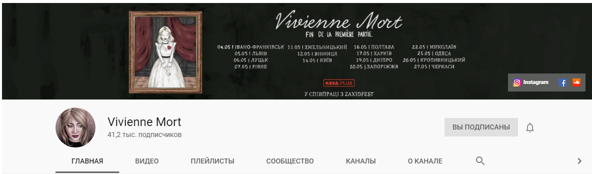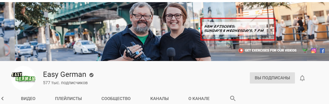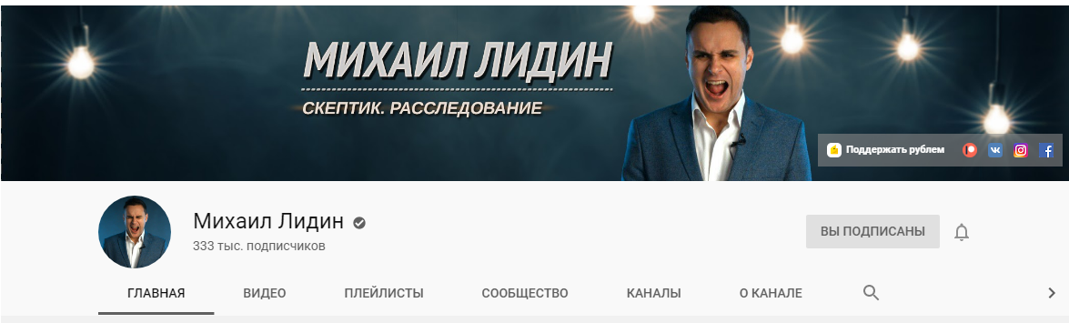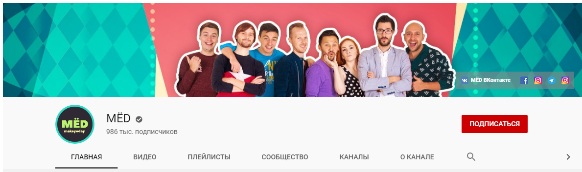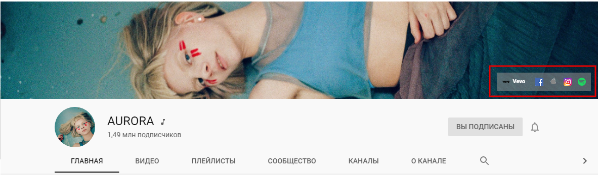 Вместо ссылок на социальные сети некоторые каналы размещают дополнительную кнопку подписки на канал:
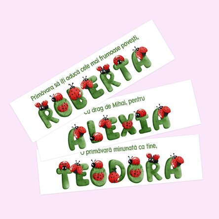 Primăvara este mai mult decât un simplu anotimp, este o stare de spirit. Oferă un semn de carte personalizat pentru iubitorii de cărți, fie că este cea mai bună prietenă a ta sau colega de școală. Ce pot personaliza? Semnul de carte poate fi personalizat cu text. Cum pot face personalizarea? Pasul 1: Apasă pe butonul "Personalizare" Pasul 2: Completează câmpurile de text cu mesajul dorit Pasul 3: Cum ai terminat personalizările, apasă butonul "Finalizare" și adaugă produsul în coș.
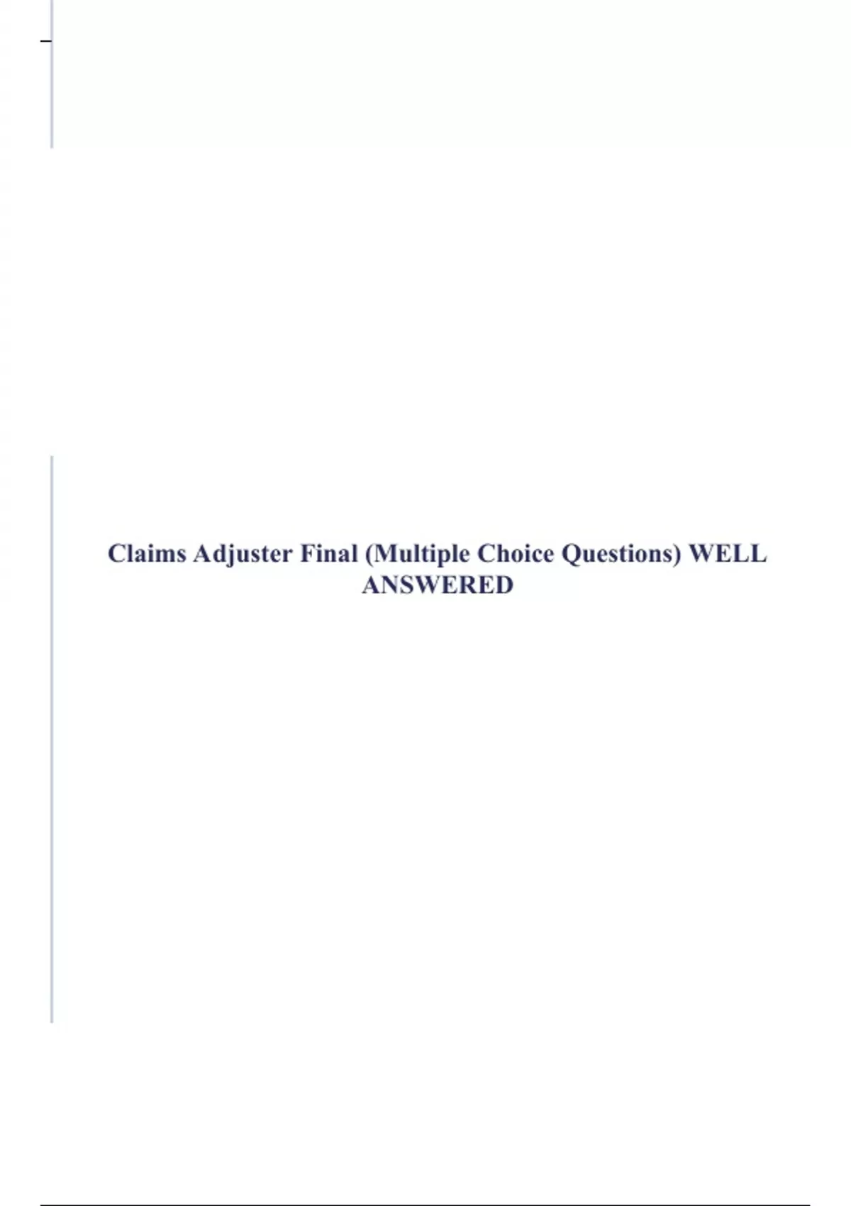 Claims Adjuster Final (Multiple Choice Questions) WELL ANSWERED

= WORK INSTRUCTIONS =
The expected output is the full material above, unaltered, with pictures removed.

= SOLUTION TO THE PROBLEM =
 Вместо ссылок на социальные сети некоторые каналы размещают дополнительную кнопку подписки на канал:
 Primăvara este mai mult decât un simplu anotimp, este o stare de spirit. Oferă un semn de carte personalizat pentru iubitorii de cărți, fie că este cea mai bună prietenă a ta sau colega de școală. Ce pot personaliza? Semnul de carte poate fi personalizat cu text. Cum pot face personalizarea? Pasul 1: Apasă pe butonul "Personalizare" Pasul 2: Completează câmpurile de text cu mesajul dorit Pasul 3: Cum ai terminat personalizările, apasă butonul "Finalizare" și adaugă produsul în coș.
 Claims Adjuster Final (Multiple Choice Questions) WELL ANSWERED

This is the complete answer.